_DATA PROVIDED_
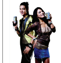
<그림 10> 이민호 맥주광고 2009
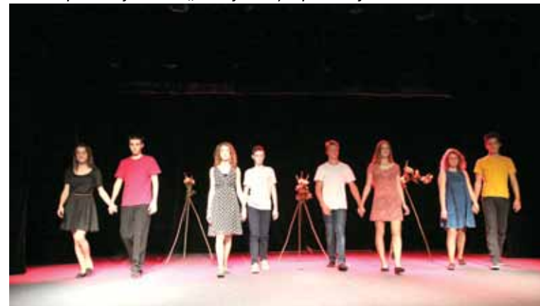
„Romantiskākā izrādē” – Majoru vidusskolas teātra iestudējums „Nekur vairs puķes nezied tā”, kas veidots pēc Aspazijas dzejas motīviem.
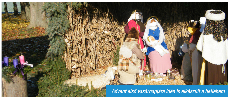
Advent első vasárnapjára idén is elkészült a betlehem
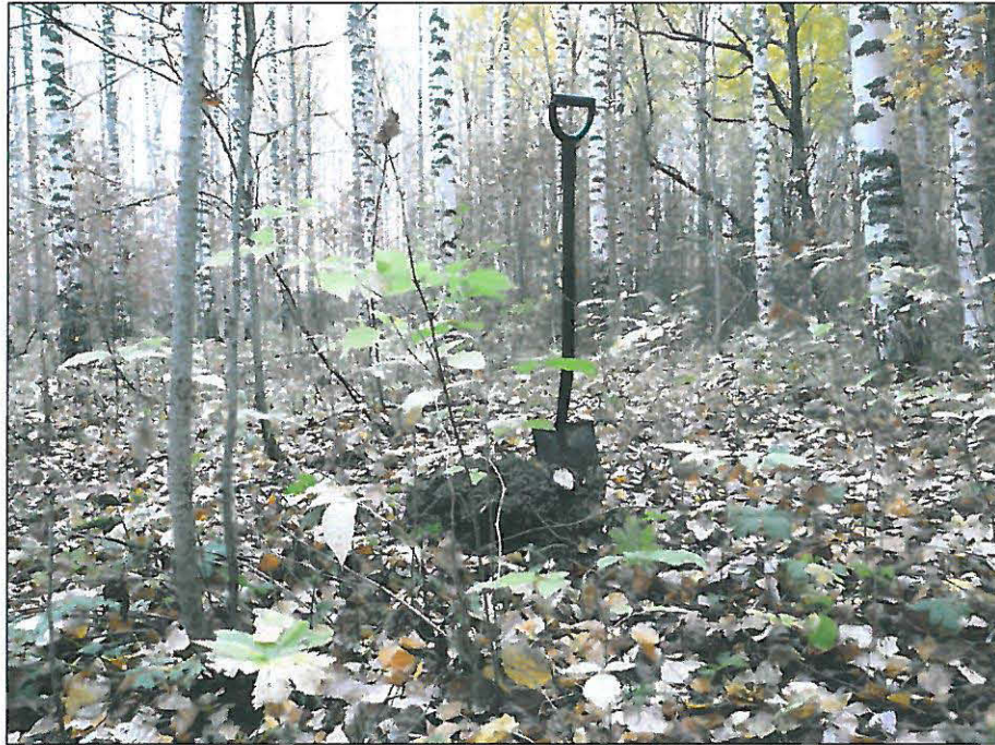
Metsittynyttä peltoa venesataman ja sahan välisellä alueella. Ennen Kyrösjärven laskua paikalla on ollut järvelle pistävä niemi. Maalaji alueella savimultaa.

_WORK INSTRUCTION_
Apart from the images, please copy every line of the data exactly as written.

_YOUR RESPONSE_
<그림 10> 이민호 맥주광고 2009
„Romantiskākā izrādē” – Majoru vidusskolas teātra iestudējums „Nekur vairs puķes nezied tā”, kas veidots pēc Aspazijas dzejas motīviem.
Advent első vasárnapjára idén is elkészült a betlehem
Metsittynyttä peltoa venesataman ja sahan välisellä alueella. Ennen Kyrösjärven laskua paikalla on ollut järvelle pistävä niemi. Maalaji alueella savimultaa.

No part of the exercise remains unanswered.